Please note: In 2003, the CTF updated its Grades of Recommendations to include an "I Recommendation" for situations where insufficient evidence exists to allow a recommendation to be made. (Formerly, these situations were captured under a "C Recommendation".) This change is not retroactive, and all "C Recommendations" made prior to 2003 have not been reevaluated in light of the new "I" recommendation grade. For a discussion of these recommendation grades, please link to the 2003 article in the Canadian Medical Association Journal here.
Objective
To evaluate the quality of evidence pertaining
to homocysteine and coronary artery disease (CAD) and make recommendations
regarding screening and treatment of hyperhomocysteinemia.
Burden of Suffering
Cardiovascular disease is the leading cause of
death in Canada, accounting for almost 40% of all deaths. While mortality
rates for ischemic heart disease are declining, the costs to society remain
high. Since a number of cardiovascular deaths may be preventable, the search
for novel risk factors continues. Homocysteine is an intermediate that
is generated in the metabolism of methionine. Therefore, altered homocysteine
metabolism has become the focus of increasing attention based on its potential
role in the pathogenesis of atherosclerosis and other conditions, such
as venous thrombosis and neural tube defects.
The prevalence of hyperhomocysteinemia in the general population is between 5 and 10%, based on a threshold set at the 90th or 95th percentile (approximately 15 mmol/L). However, rates may be as high as 30 to 40% in the elderly. If population-based studies are correct, then up to 10% of coronary events may be attributable to plasma homocysteine. Thus, homocysteine may represent an important and potentially modifiable risk factor for cardiovascular disease.
Options
Screening of serum homocysteine in patients who
have either no symptoms of CAD at baseline (primary prevention) or those
with known CAD (secondary prevention); treatment of patients with high
homocysteine levels to prevent CAD
Outcomes
Cardiovascular death and overall mortality in patients with established
coronary artery disease.
Evidence
MEDLINE was searched from 1966 to June 1999 using
the MeSH headings homocysteine; hyperhomocysteinemia; methionine; coronary
disease; arteriosclerosis; myocardial ischemia; folic acid; vitamin B12;
vitamin B6; and pyridoxine. Relevant articles were also identified
through a manual review of references.
Values
The 10-member Task Force of experts in family medicine, geriatric medicine,
pediatrics, psychiatry and epidemiology used an evidence-based method for
evaluating the effectiveness of preventive health care interventions. Recommendations
were not based on cost-effectiveness of options. Patient preferences were
not discussed.
Background papers providing critical appraisal of the evidence and tentative recommendations prepared by the chapter author were pre-circulated to the members. Evidence for this topic was presented and deliberated upon in a 2-day meeting in May 1998. Consensus was reached on final recommendations.

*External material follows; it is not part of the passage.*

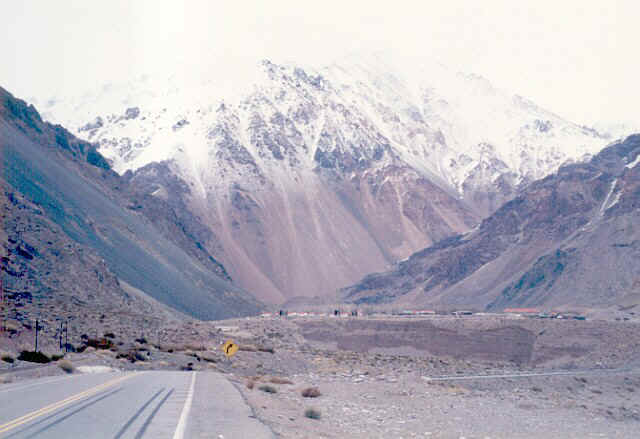 de Uspallata la ruta dobla a la izquierda y se dirige al oeste, presentando

Benefits, Harms, and Costs
High-pressure liquid chromatography (HPLC), the most common method
used to measure total homocysteine (tHcy), has a coefficient of variation
of 3 to 11%. tHcy levels may be falsely lowered in the acute phase
of illness, such as myocardial infarction, while factors that may elevate
tHcy include genetic predisposition, increasing age, male gender, serum
creatinine, as well as delays in placing samples on ice. Medications
such as anti-epileptic drugs, methotrexate, nitrous oxide, and certain
disease states, such as psoriasis, acute lymphoblastic leukemia, breast
cancer, and hypothyroidism also increase levels, likely through effects
on vitamin status. Homocysteine is inversely correlated with serum
vitamin B6, B12, and folate. Thus, in populations with a higher prevalence
of B12 deficiency (such as the elderly), the specificity of plasma tHcy
as a cardiac risk factor may be reduced.
Current costs range between $30 and $50. However, newer, less costly techniques for measuring tHcy have been developed and should become more readily available.
Recommendations
Recommendation grade [A, B, C, D, E] and level of evidence
[I, II-1, II-2, II-3, III] are indicated after each recommendation. Citations
in support of individual recommendations are identified in the guideline
text.
Sponsors
The Canadian Task Force on Preventive Health
Care developed this guideline with funding from
the Provincial and Territorial Ministries of Health and Health Canada.